During the troubled months leading up to Schumann’s death, the 21-year-old Brahms lived in the Schumann household,  looking after their six children during Clara’s frequent concert tours and growing emotionally closer to  Clara herself.  It was, no doubt a stressful time for everyone so it comes as no surprise that Brahms was also battling persistent writer‘s block caused by what he perceived to be a plateau in his creativity. With the exception of the piano ballades and the Variations on a Theme of Robert Schumann, he published nothing between 1856 and 1862. The Cello Sonata op 38 was the first of seven duo sonatas to survive his penchant for ruthless self-censorship long enough to reach publication. At the time here were several simultaneous several projects on the go, most notably the String Quintet in F minor and some symphonic sketches. By autumn, he had finished three movements of the quintet and sent Clara the first movement of the First Symphony in C minor that would not be completed for another twelve years.   His attention was also focused on applying to be the successor for conductor’s post  at the Hamburg Philharmonic.  He then left Hamburg for a long-anticipated first visit to Vienna, expecting to return in a matter of months to take up his new post but after receiving the news that his hopes would not be realized he never  returned to Hamburg to live, remaining in Vienna for the rest of his life.
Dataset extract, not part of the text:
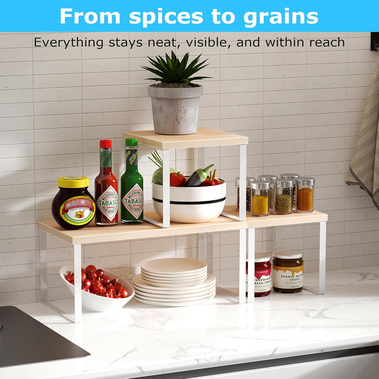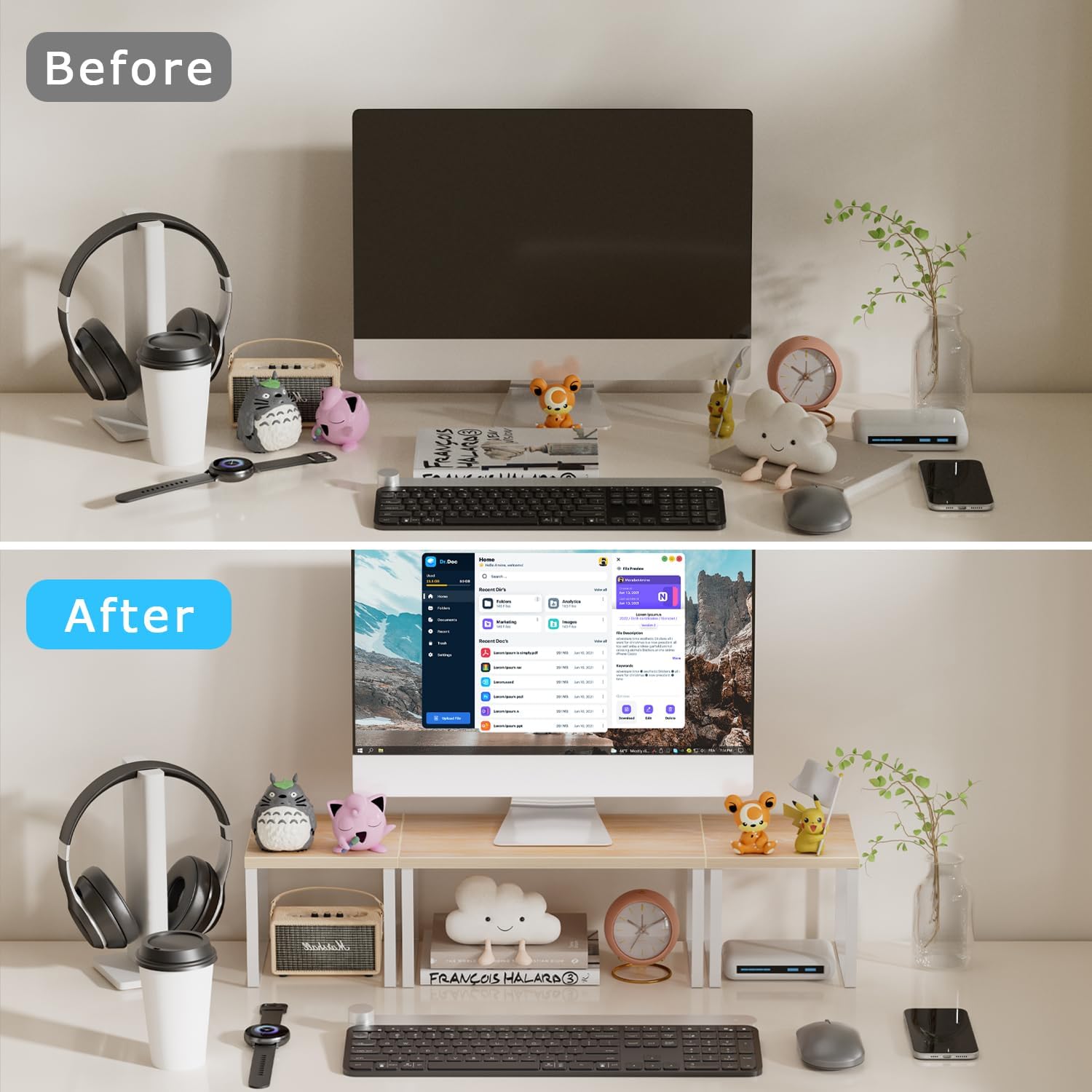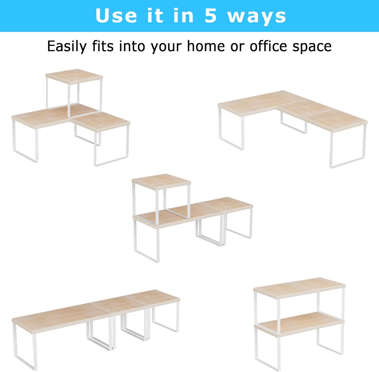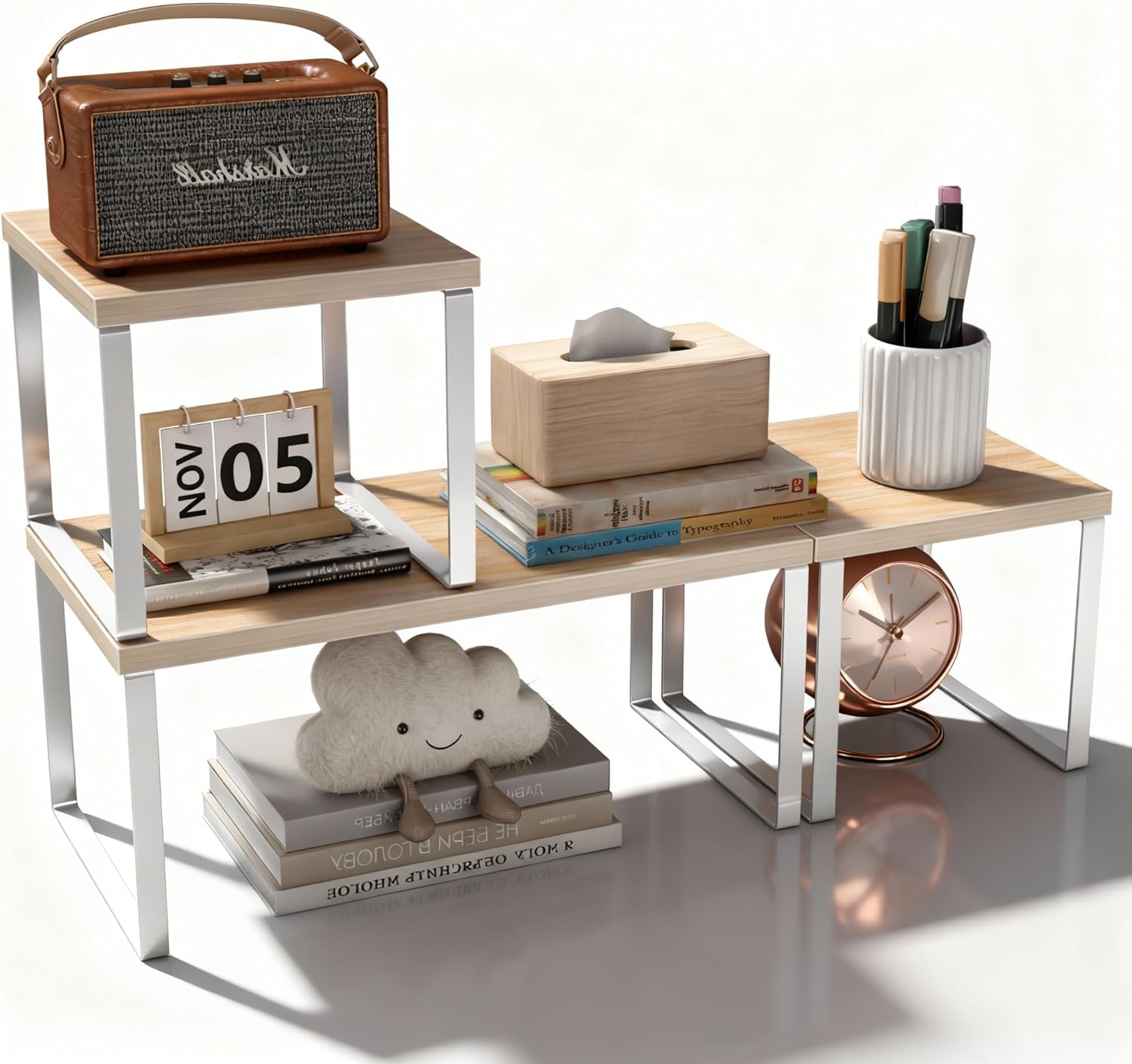 - 【Versatile & Customizable Design】The Aothia wood desktop shelf features a 2-tier stackable design with two separate pieces that can be arranged in various ways to suit your needs. Use it as a monitor stand, bookshelf, spice rack, or corner shelf — perfect for home, office, or kitchen countertop organization.

The big question facing composers of the mid 18oo’s was just how to expand upon the musical legacy of Beethoven, and inevitably, opposing schools of thought developed.  On one side were the Absolutists, championed by Robert and Clara Schumann, looking back to Schubert, Beethoven, Mozart and even Bach for the classic structure of musical forms – fugue, theme and variations, and Viennese sonata-allegro – that would be the foundation of their modern compositions.  On the other were Liszt and Wagner, the figureheads of the New German School, taking Beethoven’s Pastoral Symphony and Berlioz’ Symphonie fantastique as their models and forming through-composed music around philosophical or poetic programs, in a quest to unify all aspects of artistic expression – literature, music, visual art, theater – into a single organism Wagner referred to this ideal as Gesamtkunstwerk, or‘total work of art’.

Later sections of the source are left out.